Connectivity

Today, the 15th August commemorates the 75th anniversary of VJ (Victory over Japan) day. My own family tree has three uncles, a father in law and at least one cousin who served in the Pacific.
They were quite reticent about their services. So, instead of celebrating my late near relatives I would like to recollect Ray Dunningham who lived in Raydon, Suffolk and who was taken a prisoner of war in Singapore in 1942. With the end of the war he was repatriated to England and because many of the FEPOWs’ physical condition was so atrocious they were sent home via the Pacific and the United States so that they could be “fattened up” before they reached England.

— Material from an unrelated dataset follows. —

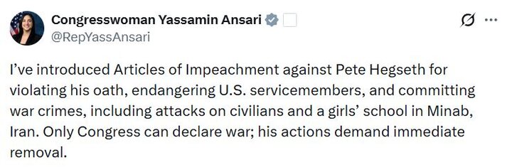یاسمین انصاری، عضو ایرانیتبار مجلس نمایندگان آمریکا، اعلام کرده است که طرح استیضاح پیت هگست، وزیر جنگ این کشور را به اتهام ارتکاب جنایت جنگی و نقض قانون اساسی ایالات متحده ارائه کرده است. به گفته او، حمله به یک مدرسه دخترانه در میناب ایران و کشته شدن بیش از ۱۶۰ کودک از موارد مطرحشده در این پرونده است.

They crossed the U.S. by rail and every evening they were looked after by the residents of the towns.
One evening Ray’s host asked him where he came from.
“From England” – “I know that but where?”
“You wouldn’t know it, but it was near Colchester” – “But where?”
“You wouldn’t know it, it was a small village” – “But where?”
“You wouldn’t know it, it is very small – I’m from Raydon” –
“I know it, you have a very fine airfield there.”
“Ain’t no airfield in Raydon!” – “There is now, because I built it!”
Such was the connectivity of the world and the changes it wrought even to the small communities of Suffolk
Even now the village has a population of less than a thousand. The village wasn’t helped by the closure of the railway station and railway.
Ray’s memory lives on in his legacy to the Masonic Lodges in Hadleigh which provided for the Master’s & Senior Warden’s chairs.
And the purpose of this anecdote?
To highlight the debt we all owe to all to those who participated in the theatres of war. Like our hero, many of them came from yeoman stock salt of the earth families and their worlds like ours were changed for ever.